[Opening DATA SUPPLIED section]

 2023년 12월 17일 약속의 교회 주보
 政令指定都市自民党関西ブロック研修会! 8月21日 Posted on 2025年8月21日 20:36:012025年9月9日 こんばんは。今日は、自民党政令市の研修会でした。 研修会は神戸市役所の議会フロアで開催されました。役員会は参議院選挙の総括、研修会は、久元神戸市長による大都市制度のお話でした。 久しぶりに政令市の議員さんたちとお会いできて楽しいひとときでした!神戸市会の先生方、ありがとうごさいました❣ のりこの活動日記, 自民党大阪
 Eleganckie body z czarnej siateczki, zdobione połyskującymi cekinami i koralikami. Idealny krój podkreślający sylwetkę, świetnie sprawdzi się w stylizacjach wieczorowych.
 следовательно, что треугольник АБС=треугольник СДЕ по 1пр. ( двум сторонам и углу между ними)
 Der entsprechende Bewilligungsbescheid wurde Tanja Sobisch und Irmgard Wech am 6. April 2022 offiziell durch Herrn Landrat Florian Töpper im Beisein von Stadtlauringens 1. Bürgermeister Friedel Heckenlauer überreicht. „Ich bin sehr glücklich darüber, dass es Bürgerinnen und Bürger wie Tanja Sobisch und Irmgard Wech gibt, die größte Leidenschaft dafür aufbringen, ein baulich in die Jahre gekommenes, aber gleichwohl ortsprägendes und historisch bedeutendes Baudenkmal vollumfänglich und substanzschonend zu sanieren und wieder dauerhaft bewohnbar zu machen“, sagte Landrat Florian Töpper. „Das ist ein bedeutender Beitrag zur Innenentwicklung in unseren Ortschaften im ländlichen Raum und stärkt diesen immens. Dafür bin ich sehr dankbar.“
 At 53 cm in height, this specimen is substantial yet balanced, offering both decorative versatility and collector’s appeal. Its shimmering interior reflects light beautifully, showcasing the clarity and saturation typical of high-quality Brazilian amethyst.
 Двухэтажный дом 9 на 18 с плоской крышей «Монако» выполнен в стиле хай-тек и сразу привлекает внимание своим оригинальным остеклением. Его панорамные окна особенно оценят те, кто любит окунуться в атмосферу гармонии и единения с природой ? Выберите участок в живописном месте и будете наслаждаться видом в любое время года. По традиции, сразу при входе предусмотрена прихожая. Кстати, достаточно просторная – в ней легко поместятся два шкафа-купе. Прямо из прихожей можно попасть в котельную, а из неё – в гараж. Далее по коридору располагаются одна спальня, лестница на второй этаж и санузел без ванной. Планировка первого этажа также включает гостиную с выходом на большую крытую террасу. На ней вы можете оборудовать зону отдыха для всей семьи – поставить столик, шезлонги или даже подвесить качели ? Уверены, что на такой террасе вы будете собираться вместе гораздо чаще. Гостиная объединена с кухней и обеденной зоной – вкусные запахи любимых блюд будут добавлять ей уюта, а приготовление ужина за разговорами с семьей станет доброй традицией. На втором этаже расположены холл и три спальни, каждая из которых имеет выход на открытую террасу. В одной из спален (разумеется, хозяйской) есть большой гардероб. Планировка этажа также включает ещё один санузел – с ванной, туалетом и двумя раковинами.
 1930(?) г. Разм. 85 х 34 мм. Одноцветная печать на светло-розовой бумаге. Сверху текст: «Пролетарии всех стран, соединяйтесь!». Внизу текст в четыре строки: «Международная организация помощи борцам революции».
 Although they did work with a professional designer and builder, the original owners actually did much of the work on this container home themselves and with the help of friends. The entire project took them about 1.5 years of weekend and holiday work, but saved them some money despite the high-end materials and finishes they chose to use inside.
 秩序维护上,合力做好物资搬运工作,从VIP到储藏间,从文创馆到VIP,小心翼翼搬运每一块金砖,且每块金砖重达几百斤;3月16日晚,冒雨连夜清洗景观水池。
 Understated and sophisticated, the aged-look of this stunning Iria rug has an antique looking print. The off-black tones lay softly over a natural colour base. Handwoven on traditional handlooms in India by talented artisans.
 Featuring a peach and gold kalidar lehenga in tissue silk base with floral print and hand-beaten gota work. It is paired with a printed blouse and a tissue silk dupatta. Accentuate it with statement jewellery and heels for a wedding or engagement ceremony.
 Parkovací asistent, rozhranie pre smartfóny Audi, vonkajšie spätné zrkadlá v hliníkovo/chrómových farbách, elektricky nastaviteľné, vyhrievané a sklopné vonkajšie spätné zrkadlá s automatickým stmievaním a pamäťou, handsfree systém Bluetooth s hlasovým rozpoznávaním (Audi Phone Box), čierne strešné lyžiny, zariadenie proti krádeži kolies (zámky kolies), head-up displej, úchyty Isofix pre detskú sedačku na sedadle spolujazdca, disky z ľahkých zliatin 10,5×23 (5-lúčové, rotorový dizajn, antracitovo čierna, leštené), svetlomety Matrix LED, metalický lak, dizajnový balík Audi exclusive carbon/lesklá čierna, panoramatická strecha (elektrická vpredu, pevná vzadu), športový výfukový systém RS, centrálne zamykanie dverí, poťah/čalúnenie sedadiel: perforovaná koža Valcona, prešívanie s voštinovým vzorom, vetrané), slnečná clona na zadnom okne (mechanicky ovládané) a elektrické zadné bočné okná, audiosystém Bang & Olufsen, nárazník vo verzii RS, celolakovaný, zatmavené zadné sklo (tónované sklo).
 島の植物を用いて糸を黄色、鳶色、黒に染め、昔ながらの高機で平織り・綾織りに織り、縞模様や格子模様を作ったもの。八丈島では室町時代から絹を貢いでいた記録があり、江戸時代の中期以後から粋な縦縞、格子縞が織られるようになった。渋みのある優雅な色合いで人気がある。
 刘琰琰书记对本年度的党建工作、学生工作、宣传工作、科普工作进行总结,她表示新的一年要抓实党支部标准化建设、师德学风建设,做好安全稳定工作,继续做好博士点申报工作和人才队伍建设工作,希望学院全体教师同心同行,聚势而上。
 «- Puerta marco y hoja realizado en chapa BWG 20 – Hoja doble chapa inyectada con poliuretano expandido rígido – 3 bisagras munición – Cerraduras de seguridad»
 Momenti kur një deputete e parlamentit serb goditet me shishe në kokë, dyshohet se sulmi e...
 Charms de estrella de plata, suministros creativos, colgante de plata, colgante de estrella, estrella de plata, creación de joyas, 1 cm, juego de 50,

[Closing DATA SUPPLIED section]

## DIRECTIONS FOR THIS TASK
From the records above, copy out the line with "秩序维护上,合力做好物资搬运", the line with "Featuring a peach", and every line between them, word for word.

## FINISHED TASK
 秩序维护上,合力做好物资搬运工作,从VIP到储藏间,从文创馆到VIP,小心翼翼搬运每一块金砖,且每块金砖重达几百斤;3月16日晚,冒雨连夜清洗景观水池。
 Understated and sophisticated, the aged-look of this stunning Iria rug has an antique looking print. The off-black tones lay softly over a natural colour base. Handwoven on traditional handlooms in India by talented artisans.
 Featuring a peach and gold kalidar lehenga in tissue silk base with floral print and hand-beaten gota work. It is paired with a printed blouse and a tissue silk dupatta. Accentuate it with statement jewellery and heels for a wedding or engagement ceremony.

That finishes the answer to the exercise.